The Mayor of Castro Street by Randy Shilts

The Mayor of Castro Street by Randy Shilts

Author:Randy Shilts
Language: eng
Format: epub, mobi
Publisher: St. Martin's Press


thirteen

Willkommen Castro

“On this spot, four days ago, a young citizen was murdered because he was a homosexual”

Ribbons in the colors of the Catalonian province, yellow and orange, laid silently on the street next to the cardboard flowers by the hand-scrawled epitaph. It had been years since Cleve Jones fulfilled his adolescent dream and come to San Francisco for his first San Francisco Gay Freedom Day Parade. Like most of his friends, he too had been swept up in the tide of militance after the Anita Bryant controversy. Weeks after Orange Tuesday, he had left his Castro Street apartment to take a hitchihiking tour of Europe. In Barcelona, he had heard there would be a rally, here, where the blood of a gay man had spilled just four days before. The fledgling Spanish gay activists were cautious as they first approached the spot. This was the first gay demonstration since the death of Francisco Franco, they explained to Cleve; that meant the first gay demonstration in Spanish history. Ever.

Slowly, the momentum grew as Jones and a cadre of the braver gays marched down Los Ramblos from the waterfront to the Catalonian provincial capitol. From nowhere, La Guardia Civil appeared, firing rubber bullets into the crowd. Jones turned to see bullets tear off the scalp of the woman marching at his side. Blood, broken glass, and tear gas filled the streets. Rather than surrender, the gay protestors launched into an elaborate game of cat and mouse with the police through the winding alleys and lanes of Barcelona.
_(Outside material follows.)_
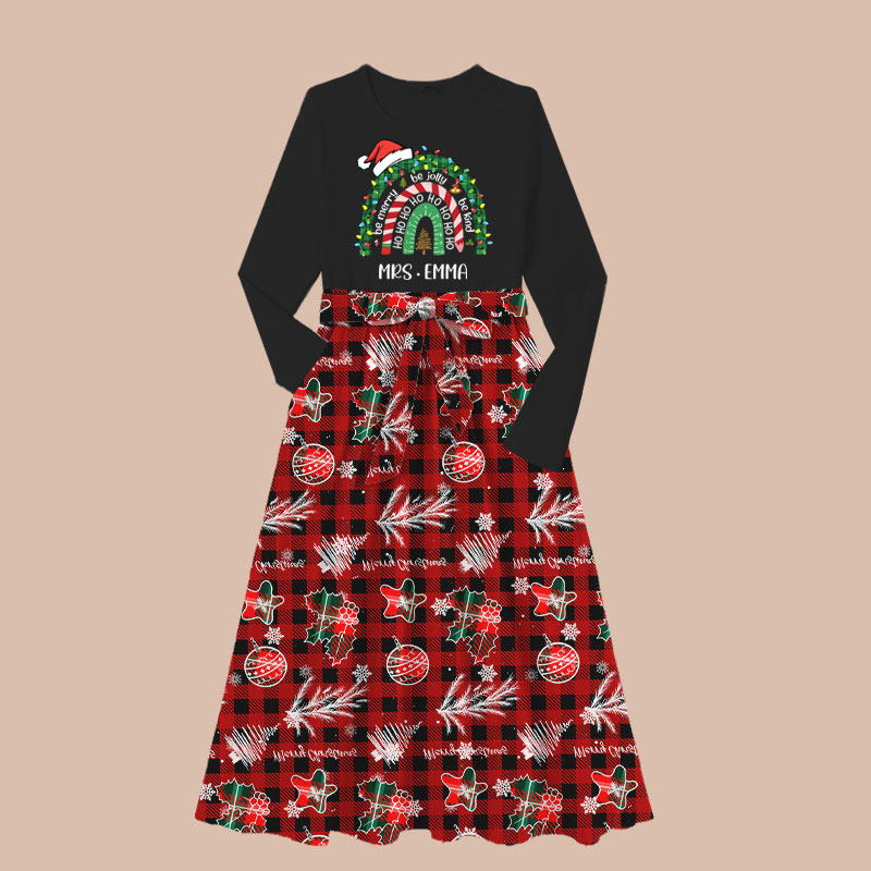 - Waist tie with elastic for stretch. long sleeves and round-shaped neckline.
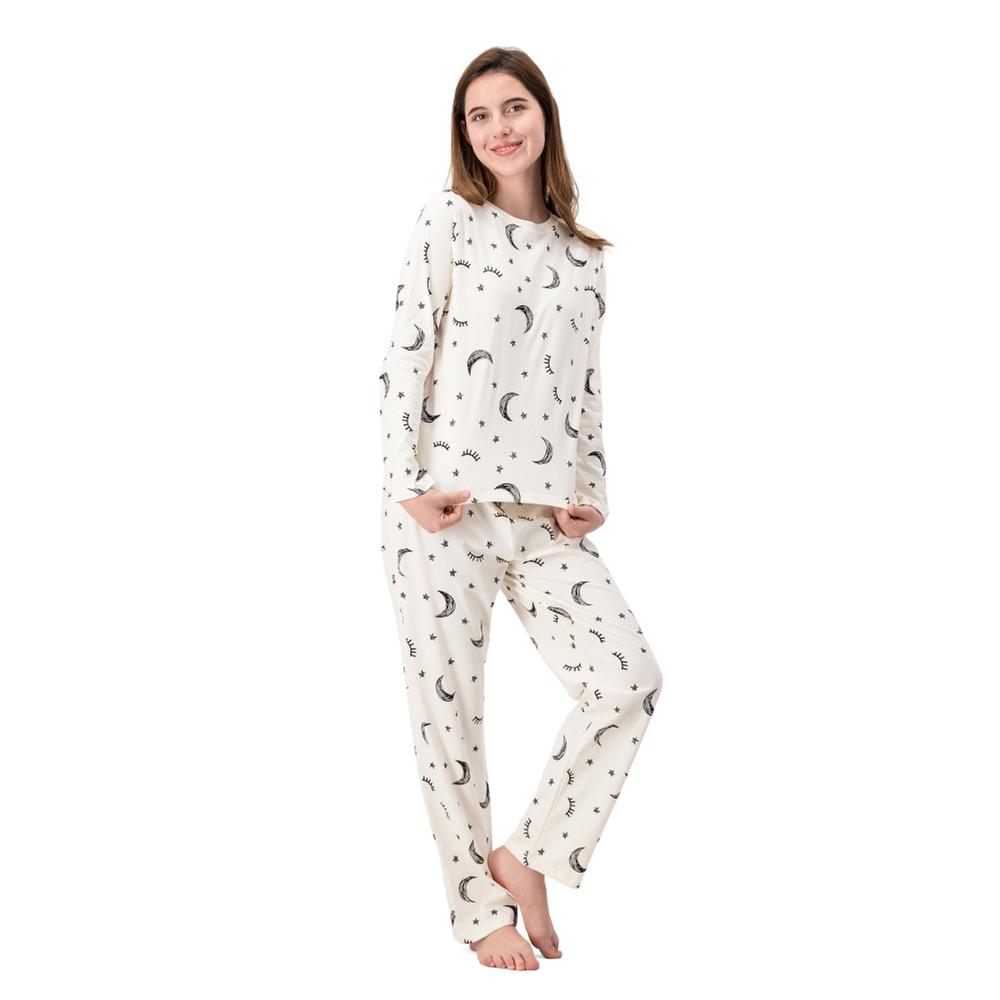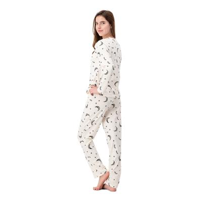 Pijama nocturno con diseño de lunas y estrellas, playera y pantalón full print. Tejido suave y ligero que garantiza confort, ideal para niñas que buscan estilo y ternura durante sus noches.

They took the chairs and tables from sidewalk cafés and built barricades, taunting the police to fire on. Cleve threw his first rock. The street fighting in Barcelona excited his long latent anger even more than the frenzied chanting of the San Francisco demonstrations after Orange Tuesday. When the days’ fighting waned, he wrote a long letter enthusiastically recounting the day to a friend; the letter was widely reprinted in gay papers across the country. When Jones returned to Castro Street that fall to work in Harvey Milk’s supervisorial campaign, he still talked ecstatically of that day in Barcelona. He had suddenly realized that the gay movement meant more than an annual parade and that it would soon be bigger than anyone imagined; too much anger simmered beneath the surface, all over the world.

Jones couldn’t have come to a time and place that could better nourish that conviction. A sense of gay manifest destiny gripped San Francisco by 1978, as if it were ordained that homosexuals should people the city from sea to shining bay. Harvey’s bold public role as Castro Street’s neighborhood supervisor—and the national publicity he garnered as the city’s gay spokesperson—certainly fueled that attitude. But the import of the San Francisco gay phenomenon had implications far beyond the pillared walls of City Hall, and the gays of San Francisco saw themselves as the avant-garde of a burgeoning national movement.

Dade County marked the beginning, not the end, of organized opposition to the gay civil rights cause; the issue moved to the forefront of the nation’s social agenda.